Blocking the mutant protein with an antibody didn’t stop the strange, abnormal bone growths in mice. But the knowledge gained could steer scientists toward more promising approaches, report researchers from UConn and Alexion Pharmaceuticals in the 15 June issue of The Journal of Clinical Investigation.
Fewer than 4,000 people worldwide are afflicted with fibrodysplasia ossificans progressiva (FOP), an inherited disease in which small injuries or bruises to skeletal muscle provoke the growth of massive, abnormal bone and cartilage. Gradually much of the body’s soft tissue turns to bone. Now, researchers at UConn and Alexion Pharmaceuticals who were investigating a potential cure instead found a concerning surprise–blocking the protein responsible for the disease with a monoclonal antibody made the abnormal bone growth worse in mice .
Normally, stem cells help repair muscle damaged by injury or disease. But in people with FOP, certain stem cells get the wrong message from a mutant receptor on their surface. Instead of promoting muscle regeneration, the stem cells develop into bone.
UConn Professor of Molecular and Cell Biology David Goldhamer, Alexion Pharmaceuticals researcher Jeffrey Hunter, and colleagues worked for years to discover a potential antibody therapy for FOP using accurate genetic mouse models of the disease developed by the two groups. The idea was that the antibody would block the mutant receptor and prevent the responsible stem cells from making new bone.
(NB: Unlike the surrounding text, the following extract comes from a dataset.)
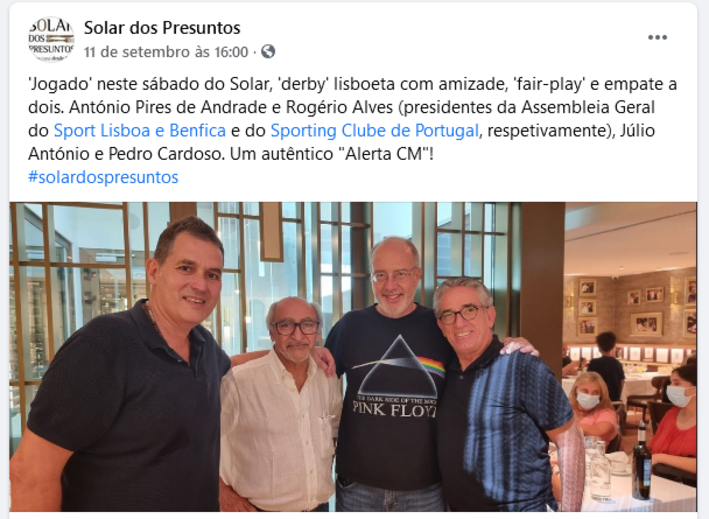 Presidentes das MAG de Benfica e Sporting juntos ao almoço

But the results were exactly the opposite.
“The unexpected result: injecting the antibody into FOP mice caused a dramatic increase in inappropriate bone formation,” instead of protecting them as we’d hoped, Goldhamer says.
Goldhamer, Hunter and their teams worked with an antibody discovered by Alexion that interferes with the specific cell-surface receptor involved in FOP called Activin A receptor type 1, or ACVR1. The researchers thought that if they blocked ACVR1, the abnormal bone growth would stop. But instead, it was exacerbated.
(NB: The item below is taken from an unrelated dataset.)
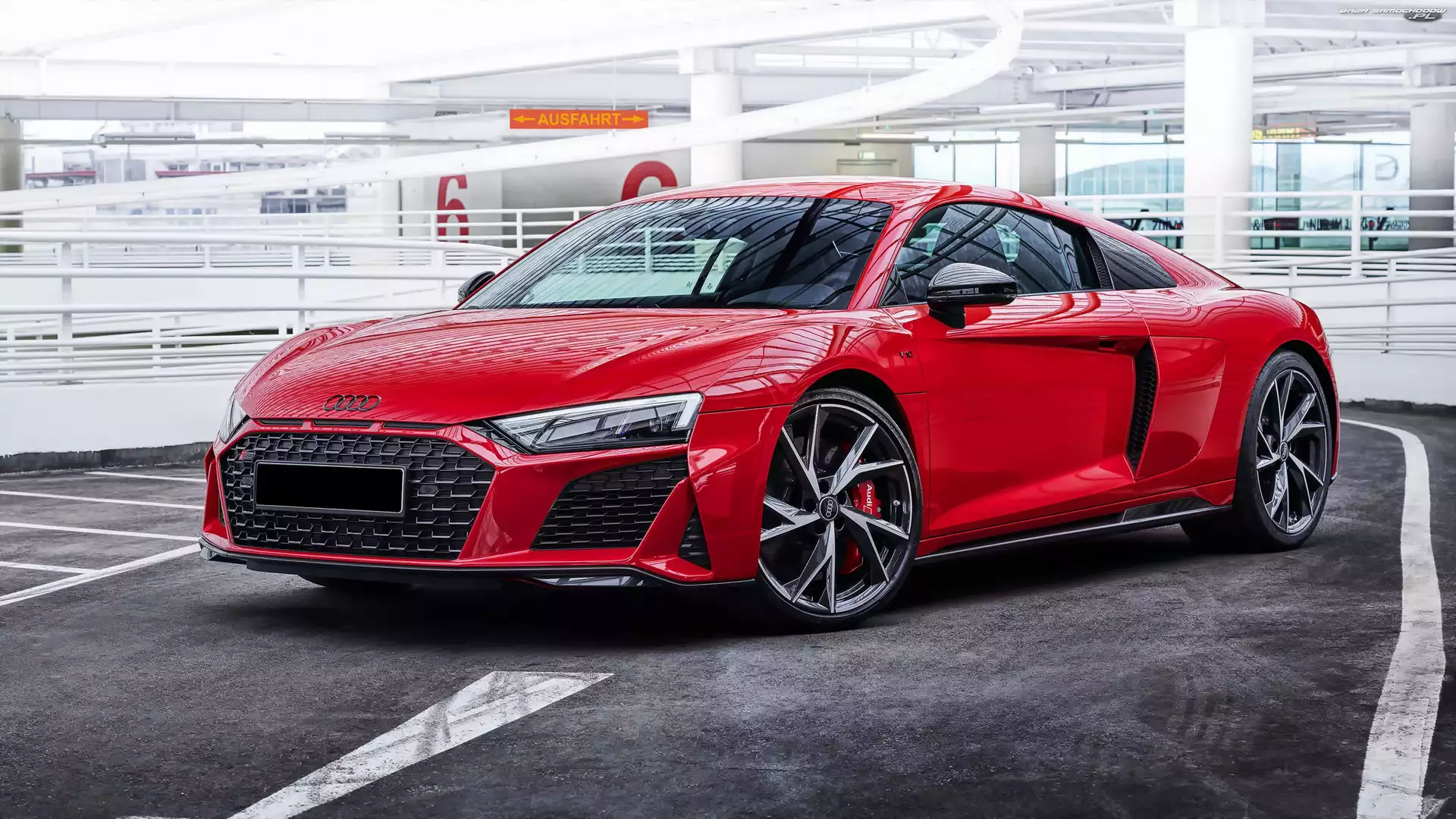 Czerwone, Audi R8 Performance V10, Coupe- Zdjęcia samochodów

“The antibody appears to lower the injury threshold needed to stimulate bone growth within muscle tissue. Mild injuries that normally don’t make bone in FOP mice suddenly make lots of bone. Additionally, the antibody increases and prolongs the immune response to the injury,” Goldhamer says.
Another team working on antibody-based therapies for FOP ran into the same effect. Regeneron Pharmaceuticals used different antibodies they derived independently, as well as a different strain of FOP mice, but got the same adverse result. Their paper also appears in the JCI this week.
The teams don’t yet know precisely why the antibodies dramatically worsen the disease in mice, but their work raises serious safety and efficacy concerns for the clinical application of this approach, which has not yet been tested in humans. Neither team has plans to pursue this clinically.
This work was funded by a grant from the National Institutes of Health (R01AR072052) and a sponsored research agreement between Alexion Pharmaceuticals and the University of Connecticut.